Learning By Playing
theodp writes "This week's NY Times Magazine — a special issue on education and technology — is tailor-made for the Slashdot crowd. For the cover story, Sarah Corbett explores the games-and-education movement, which she notes is alive and well at Quest to Learn, a NYC middle-school that aims to make school nothing less than 'a big, delicious video game.' Elsewhere in the issue, Paul Boutin writes about Microsoft's efforts to inspire The 8-Year-Old Programmer with its Kodu Project, and Nicholas Carlson reports on Columbia University's efforts to mix journalism and hard-core computer science with its unique dual-degree master's in journalism and CS. There's also an accompanying timeline that nicely illustrates how learning machines have progressed from the Horn-Book to the iPad."
Educational games tend to be pretty pathetic, but if you do any crafting in MMOs you'll find that some basic math skills are a big help. I'm sure that if you put higher forms of math, navigation, economics and social politics into an MMO, its players would quickly pick up on these concepts. As they are now, I don't think it's a very efficient way to learn. If you also added some tools and some tutorials for those things into the game, you might be able to make the learning process more efficient. Hell, they put protein folding into a game and made it fun, so I'm sure it could be done.
I'm trying to teach myself to set people on fire with my mind... Is it hot in here?
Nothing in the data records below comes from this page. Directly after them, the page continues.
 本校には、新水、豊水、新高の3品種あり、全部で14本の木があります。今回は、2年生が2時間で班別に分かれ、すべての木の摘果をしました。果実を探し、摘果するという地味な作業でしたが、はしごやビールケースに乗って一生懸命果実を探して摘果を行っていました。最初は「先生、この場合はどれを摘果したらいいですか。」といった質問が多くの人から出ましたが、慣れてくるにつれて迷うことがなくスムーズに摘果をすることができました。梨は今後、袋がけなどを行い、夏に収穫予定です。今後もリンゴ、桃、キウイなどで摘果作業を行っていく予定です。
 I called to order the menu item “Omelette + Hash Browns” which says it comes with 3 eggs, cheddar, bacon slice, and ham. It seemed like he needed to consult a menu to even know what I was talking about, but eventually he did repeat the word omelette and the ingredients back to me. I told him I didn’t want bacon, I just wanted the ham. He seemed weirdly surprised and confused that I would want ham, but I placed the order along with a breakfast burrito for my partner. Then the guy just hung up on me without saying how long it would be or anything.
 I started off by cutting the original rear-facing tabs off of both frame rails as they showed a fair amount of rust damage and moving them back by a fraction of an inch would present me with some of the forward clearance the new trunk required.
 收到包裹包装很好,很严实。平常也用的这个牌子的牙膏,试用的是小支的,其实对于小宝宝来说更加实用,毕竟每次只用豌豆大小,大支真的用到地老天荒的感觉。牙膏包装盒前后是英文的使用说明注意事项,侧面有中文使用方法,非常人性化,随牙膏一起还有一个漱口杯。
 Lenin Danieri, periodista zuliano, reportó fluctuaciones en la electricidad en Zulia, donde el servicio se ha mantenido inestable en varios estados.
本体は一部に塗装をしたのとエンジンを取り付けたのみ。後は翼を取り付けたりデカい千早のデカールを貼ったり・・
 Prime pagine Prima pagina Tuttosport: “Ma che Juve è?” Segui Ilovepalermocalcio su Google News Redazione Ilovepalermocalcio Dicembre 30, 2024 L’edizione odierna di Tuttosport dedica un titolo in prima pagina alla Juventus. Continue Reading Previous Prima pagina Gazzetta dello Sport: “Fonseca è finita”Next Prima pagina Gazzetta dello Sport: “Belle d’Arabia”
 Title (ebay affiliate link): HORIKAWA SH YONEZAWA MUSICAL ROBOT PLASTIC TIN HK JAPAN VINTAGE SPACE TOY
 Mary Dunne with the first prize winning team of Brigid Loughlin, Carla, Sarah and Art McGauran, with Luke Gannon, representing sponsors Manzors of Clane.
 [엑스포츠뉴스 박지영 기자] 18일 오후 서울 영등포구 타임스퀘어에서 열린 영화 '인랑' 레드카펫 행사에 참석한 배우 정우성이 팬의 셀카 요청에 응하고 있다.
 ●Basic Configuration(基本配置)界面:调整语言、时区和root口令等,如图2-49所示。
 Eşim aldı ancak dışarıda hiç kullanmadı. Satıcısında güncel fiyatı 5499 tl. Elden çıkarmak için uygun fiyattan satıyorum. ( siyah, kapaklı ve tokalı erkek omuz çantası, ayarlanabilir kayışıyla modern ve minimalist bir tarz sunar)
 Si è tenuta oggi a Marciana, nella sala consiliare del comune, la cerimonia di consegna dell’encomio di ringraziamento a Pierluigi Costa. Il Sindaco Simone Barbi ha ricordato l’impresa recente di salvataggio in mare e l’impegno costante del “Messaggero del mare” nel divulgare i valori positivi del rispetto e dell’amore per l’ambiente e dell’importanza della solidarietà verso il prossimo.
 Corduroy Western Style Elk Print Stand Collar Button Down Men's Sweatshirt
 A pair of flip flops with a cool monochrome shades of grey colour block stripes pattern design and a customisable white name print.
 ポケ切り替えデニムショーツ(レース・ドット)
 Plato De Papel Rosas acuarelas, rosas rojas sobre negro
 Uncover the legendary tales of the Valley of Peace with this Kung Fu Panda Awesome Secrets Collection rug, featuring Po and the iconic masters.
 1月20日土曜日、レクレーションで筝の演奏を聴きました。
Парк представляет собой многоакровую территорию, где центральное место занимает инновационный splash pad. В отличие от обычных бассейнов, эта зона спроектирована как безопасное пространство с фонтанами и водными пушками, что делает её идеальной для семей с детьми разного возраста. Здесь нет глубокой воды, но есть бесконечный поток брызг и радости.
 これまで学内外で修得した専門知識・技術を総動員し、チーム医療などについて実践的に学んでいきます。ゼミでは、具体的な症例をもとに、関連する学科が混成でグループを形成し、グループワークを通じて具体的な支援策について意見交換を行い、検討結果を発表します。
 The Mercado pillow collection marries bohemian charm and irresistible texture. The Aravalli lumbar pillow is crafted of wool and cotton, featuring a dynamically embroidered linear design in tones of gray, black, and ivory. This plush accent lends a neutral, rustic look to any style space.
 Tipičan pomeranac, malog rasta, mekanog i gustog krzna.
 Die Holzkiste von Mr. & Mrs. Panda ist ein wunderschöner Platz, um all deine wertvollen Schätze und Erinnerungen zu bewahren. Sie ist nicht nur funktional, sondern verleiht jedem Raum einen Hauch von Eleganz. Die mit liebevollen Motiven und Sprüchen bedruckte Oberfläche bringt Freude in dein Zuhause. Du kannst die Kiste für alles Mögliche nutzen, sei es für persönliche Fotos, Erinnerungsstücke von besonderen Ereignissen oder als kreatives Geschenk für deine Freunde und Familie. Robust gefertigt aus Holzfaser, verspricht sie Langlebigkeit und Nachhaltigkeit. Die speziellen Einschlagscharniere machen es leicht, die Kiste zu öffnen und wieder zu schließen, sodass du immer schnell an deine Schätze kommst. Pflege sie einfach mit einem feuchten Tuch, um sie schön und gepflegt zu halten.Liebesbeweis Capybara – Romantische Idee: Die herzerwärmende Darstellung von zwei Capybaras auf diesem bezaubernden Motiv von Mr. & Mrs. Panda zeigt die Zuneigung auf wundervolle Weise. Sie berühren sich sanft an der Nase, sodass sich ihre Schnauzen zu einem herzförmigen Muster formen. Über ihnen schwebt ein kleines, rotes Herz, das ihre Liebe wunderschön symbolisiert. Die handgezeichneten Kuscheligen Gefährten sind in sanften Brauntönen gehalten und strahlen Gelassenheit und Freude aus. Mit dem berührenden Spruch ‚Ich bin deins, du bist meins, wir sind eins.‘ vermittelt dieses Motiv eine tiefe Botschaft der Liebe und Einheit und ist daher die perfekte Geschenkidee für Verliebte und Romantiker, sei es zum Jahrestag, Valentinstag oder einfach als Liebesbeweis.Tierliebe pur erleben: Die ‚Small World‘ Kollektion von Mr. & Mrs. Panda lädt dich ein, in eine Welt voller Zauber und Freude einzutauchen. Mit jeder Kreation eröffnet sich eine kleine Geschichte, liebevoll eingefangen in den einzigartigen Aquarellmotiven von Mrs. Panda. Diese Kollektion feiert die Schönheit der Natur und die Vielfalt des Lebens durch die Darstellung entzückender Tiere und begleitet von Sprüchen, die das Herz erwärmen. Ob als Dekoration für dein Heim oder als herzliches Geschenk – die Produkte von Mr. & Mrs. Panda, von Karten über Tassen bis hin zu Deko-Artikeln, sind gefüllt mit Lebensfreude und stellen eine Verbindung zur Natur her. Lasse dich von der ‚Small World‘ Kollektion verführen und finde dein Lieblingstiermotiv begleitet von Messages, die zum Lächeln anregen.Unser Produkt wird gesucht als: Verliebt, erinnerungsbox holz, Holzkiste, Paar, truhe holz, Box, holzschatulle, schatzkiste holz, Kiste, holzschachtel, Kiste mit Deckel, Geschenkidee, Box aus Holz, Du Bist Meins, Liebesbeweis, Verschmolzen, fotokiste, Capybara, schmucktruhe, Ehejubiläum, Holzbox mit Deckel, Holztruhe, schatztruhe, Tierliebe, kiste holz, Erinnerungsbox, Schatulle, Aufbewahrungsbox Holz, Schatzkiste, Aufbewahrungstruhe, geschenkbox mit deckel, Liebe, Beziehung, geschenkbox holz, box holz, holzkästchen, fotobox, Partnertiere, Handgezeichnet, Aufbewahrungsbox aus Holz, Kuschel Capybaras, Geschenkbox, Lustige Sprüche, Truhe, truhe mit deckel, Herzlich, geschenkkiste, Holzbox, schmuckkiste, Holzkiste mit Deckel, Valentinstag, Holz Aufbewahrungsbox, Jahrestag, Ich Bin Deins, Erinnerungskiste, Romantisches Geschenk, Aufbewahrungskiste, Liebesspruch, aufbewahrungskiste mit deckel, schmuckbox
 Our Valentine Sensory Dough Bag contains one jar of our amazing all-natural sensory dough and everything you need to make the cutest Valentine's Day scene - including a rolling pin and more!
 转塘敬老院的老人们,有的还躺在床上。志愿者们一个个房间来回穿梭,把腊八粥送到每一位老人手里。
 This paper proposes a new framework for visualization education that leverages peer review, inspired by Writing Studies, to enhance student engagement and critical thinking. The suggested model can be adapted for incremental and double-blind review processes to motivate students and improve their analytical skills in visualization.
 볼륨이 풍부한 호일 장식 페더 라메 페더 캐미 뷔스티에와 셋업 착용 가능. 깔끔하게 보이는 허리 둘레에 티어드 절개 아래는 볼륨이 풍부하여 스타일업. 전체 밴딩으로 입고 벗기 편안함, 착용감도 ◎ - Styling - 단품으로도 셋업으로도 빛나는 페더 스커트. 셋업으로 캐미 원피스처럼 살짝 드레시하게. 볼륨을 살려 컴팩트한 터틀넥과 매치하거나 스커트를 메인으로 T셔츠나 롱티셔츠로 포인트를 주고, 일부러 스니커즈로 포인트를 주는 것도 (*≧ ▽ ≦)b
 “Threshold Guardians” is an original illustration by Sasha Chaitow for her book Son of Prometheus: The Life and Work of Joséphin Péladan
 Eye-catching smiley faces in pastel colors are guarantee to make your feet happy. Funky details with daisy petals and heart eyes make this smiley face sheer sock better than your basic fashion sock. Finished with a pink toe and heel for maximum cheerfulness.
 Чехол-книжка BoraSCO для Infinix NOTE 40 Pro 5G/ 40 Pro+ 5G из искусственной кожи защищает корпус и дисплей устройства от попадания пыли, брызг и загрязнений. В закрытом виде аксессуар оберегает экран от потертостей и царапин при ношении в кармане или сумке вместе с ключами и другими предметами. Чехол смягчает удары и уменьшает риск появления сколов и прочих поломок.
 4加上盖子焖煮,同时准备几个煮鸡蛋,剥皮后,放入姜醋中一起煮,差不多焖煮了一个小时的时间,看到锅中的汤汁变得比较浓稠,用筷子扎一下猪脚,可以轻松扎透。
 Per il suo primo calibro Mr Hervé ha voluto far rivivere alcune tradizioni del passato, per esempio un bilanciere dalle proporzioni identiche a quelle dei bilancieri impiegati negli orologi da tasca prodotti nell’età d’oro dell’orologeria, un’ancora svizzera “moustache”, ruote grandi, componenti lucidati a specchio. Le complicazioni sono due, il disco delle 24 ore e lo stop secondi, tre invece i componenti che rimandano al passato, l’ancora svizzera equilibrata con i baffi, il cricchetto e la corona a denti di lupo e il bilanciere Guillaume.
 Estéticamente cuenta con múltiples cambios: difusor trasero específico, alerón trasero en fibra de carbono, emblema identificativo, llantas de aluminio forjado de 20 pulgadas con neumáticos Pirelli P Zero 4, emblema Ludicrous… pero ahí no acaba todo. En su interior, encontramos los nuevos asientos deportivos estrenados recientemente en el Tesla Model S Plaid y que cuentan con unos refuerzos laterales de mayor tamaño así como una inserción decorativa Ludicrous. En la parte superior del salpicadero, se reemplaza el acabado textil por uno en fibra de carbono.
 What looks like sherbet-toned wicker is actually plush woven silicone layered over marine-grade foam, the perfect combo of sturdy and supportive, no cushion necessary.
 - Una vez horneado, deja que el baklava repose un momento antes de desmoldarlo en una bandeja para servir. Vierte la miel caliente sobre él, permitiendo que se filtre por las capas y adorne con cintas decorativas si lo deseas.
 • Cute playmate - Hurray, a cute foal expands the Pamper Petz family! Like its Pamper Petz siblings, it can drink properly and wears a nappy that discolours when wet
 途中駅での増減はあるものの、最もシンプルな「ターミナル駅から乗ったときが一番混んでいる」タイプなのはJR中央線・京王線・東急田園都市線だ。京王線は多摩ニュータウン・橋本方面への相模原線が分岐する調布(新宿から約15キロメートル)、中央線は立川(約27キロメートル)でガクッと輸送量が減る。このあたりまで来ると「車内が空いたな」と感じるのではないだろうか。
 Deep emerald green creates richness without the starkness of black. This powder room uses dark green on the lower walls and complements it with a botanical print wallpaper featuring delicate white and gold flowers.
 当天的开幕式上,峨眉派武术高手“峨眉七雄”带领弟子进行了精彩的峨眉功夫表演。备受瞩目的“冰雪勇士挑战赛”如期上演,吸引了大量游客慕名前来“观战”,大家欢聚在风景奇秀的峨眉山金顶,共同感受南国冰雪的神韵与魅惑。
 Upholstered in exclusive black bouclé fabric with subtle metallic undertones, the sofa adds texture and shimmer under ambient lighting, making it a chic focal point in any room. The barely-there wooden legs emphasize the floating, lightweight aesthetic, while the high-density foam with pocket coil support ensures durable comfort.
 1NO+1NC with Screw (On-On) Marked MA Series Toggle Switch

Why would you complicate things like that? And wouldn't the children without much ability to put themselves in another's shoes and ability to abstract be quite disadvantaged by a method of teaching like that? It's just the kind of "muddy" mixed-up way of teaching which I loathed in school - like mathbooks wich used such heavy layers of methaphor and allegory (to teach the kids to "use their skills in real life?") that getting a fix on the underlying system was 5x the normal work. This was fortunately absent from the physics books. When I got my college algebra textbook it was a godsend.
Emotions! In your brain!
I'm not so sure about Kudu and the ilk. The problem I have with it is that it isn't programming. The description of Kudu from the article (making a motorcycle racing game) sounds an awful lot like Racing Destruction Set or that Hypercard adventure game authoring tool I had for Macintosh that lead to some truly dreadful games. Also, I find the idea that you need some gimmicky, technicolor GUI for an 8-year-old to explore programming is a tad insulting to the 8-year-olds. I started learning Commodore-64 Basic when I was 6, and actually wrote a mildly sophisticated database program for my Little League Baseball team when I was 8 or 9. From the comments I've seen on Slashdot, my experience is certainly not unique. I think if I had started with Kudu I would have gotten bored and moved on. I'm an engineer now, largely I think from my childhood goofing about with computers.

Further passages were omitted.